Focus groups revealed, however, that patients paid little attention to such details and placed their heaviest emphasis on having easy access to their physicians and to others on the health care staff.

Although in small communities physician referrals play the major role in the choice of a cancer program, in large metropolitan centers with several nearby competing institutions, patients often actively investigate the alternatives. In this case, a strong, consistently communicated image can serve to differentiate one program from another in the consumer’s mind.

“This image should emphasize one or more of the program’s strongest features, such as outstanding outcomes, compassionate care, or convenience,” Ms. Jamieson suggested. Logos, symbols, and messages repeated in all advertising, educational publications, and other materials help to build “brand identity,” she said, adding that building or changing such a brand image takes at least 1 to 2 years of consistent advertising.

Effective methods of spreading a cancer program’s message include database marketing, which allows advertising particular products and services to selected segments of the local community. “A website designed to coordinate with the message can also be useful,” she said, “although fewer than 15% of health care institutions currently have a strategy for use of their websites.”
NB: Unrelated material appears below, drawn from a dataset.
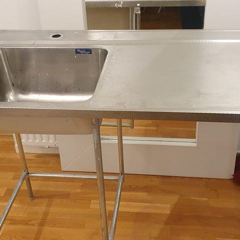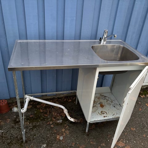 Diskbänk som använts i tvättstuga med som nu ska renoveras och därför säljer vi denna. Mycket praktisk med både trådkorgar och skåp med förvaring.
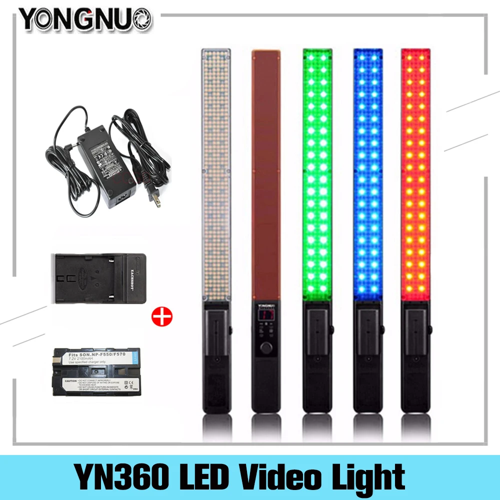 Ручной светодиодный светильник YONGNUO YN360 для видеосъемки, освещение для фотосъемки 3200k-5500k RGB, цветовая температура + набор аккумуляторов (опционально)

A telephone information center or hotline can also serve as a vehicle for one-to-one marketing, she noted, “but only if the call center staff have accurate, up-to-date information to offer on the phone as well as materials to send out to callers.” Consumer newsletters are another very popular marketing tool.

Emphasis on Service

“Providing the patient a positive experience is the key to successful marketing,” Ms. Jamieson said. In this area, health care institutions have much to learn from retail businesses. Standards of service, enforced throughout the institution, can improve the patient experience, but instituting them requires that the institutional culture support them.

“Retail businesses’ practice of searching out unfilled market niches and unmet needs can also help differentiate a cancer program,” she said. One institution, for example, provides a daycare center where patients can leave their children while undergoing outpatient treatments.

“The emphasis on excellent service must also extend to the center’s relationships with its referring physicians,” Ms. Jamieson said. “All referring doctors should receive fast responses to their queries and rapid and complete reports on their patients’ treatments,” she said. “Maintaining their confidence requires keeping them completely up-to-date on the progress of their patients.”